((

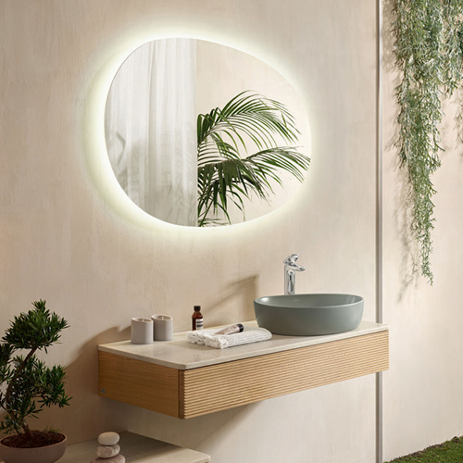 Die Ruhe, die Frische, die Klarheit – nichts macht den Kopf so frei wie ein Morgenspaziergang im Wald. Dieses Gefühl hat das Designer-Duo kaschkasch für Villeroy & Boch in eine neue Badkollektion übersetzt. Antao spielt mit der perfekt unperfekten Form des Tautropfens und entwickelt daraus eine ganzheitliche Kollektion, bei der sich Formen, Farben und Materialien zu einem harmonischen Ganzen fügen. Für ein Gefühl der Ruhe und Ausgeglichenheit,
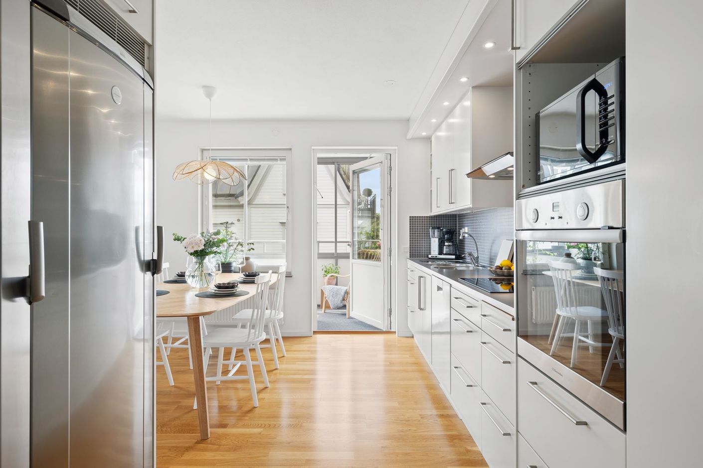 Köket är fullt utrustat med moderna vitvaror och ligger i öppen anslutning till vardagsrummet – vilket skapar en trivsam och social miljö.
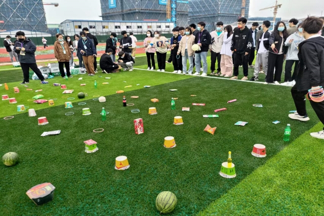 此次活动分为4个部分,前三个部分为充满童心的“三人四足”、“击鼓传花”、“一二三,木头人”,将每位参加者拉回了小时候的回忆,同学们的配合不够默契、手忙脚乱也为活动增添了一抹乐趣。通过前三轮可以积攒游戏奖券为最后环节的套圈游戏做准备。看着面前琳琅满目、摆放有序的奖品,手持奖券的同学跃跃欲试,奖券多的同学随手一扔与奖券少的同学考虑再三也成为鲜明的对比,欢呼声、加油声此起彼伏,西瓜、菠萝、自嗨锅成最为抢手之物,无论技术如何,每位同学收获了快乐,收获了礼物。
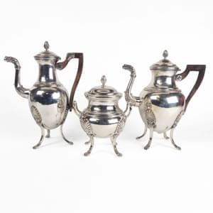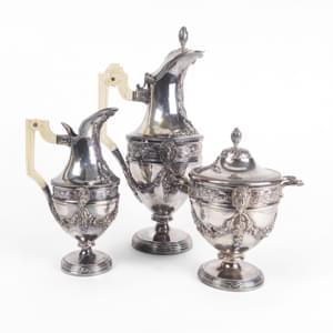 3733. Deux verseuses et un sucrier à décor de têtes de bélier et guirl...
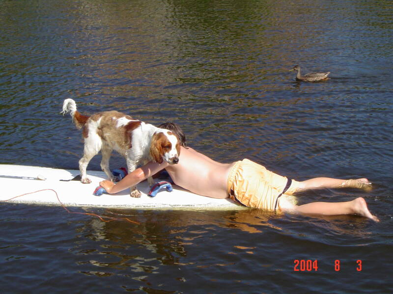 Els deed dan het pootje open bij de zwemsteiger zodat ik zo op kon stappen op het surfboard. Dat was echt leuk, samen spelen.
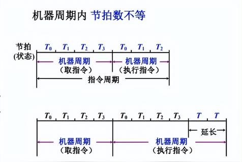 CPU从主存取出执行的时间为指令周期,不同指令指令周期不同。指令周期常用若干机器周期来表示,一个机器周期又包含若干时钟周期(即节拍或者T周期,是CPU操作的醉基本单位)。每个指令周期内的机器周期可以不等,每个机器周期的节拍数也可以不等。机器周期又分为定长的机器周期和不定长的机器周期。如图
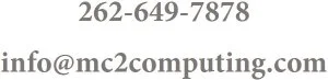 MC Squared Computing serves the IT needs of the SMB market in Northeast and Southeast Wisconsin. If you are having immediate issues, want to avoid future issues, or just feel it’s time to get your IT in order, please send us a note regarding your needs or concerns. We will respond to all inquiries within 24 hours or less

))

REQUIREMENT
Begin with the line containing "此次活动分为4个部分,前三个" and end with the last line of the material above; return exactly those lines, both ends included, and omit all pictures.

YOUR SOLUTION
 此次活动分为4个部分,前三个部分为充满童心的“三人四足”、“击鼓传花”、“一二三,木头人”,将每位参加者拉回了小时候的回忆,同学们的配合不够默契、手忙脚乱也为活动增添了一抹乐趣。通过前三轮可以积攒游戏奖券为最后环节的套圈游戏做准备。看着面前琳琅满目、摆放有序的奖品,手持奖券的同学跃跃欲试,奖券多的同学随手一扔与奖券少的同学考虑再三也成为鲜明的对比,欢呼声、加油声此起彼伏,西瓜、菠萝、自嗨锅成最为抢手之物,无论技术如何,每位同学收获了快乐,收获了礼物。
 3733. Deux verseuses et un sucrier à décor de têtes de bélier et guirl...
 Els deed dan het pootje open bij de zwemsteiger zodat ik zo op kon stappen op het surfboard. Dat was echt leuk, samen spelen.
 CPU从主存取出执行的时间为指令周期,不同指令指令周期不同。指令周期常用若干机器周期来表示,一个机器周期又包含若干时钟周期(即节拍或者T周期,是CPU操作的醉基本单位)。每个指令周期内的机器周期可以不等,每个机器周期的节拍数也可以不等。机器周期又分为定长的机器周期和不定长的机器周期。如图
 MC Squared Computing serves the IT needs of the SMB market in Northeast and Southeast Wisconsin. If you are having immediate issues, want to avoid future issues, or just feel it’s time to get your IT in order, please send us a note regarding your needs or concerns. We will respond to all inquiries within 24 hours or less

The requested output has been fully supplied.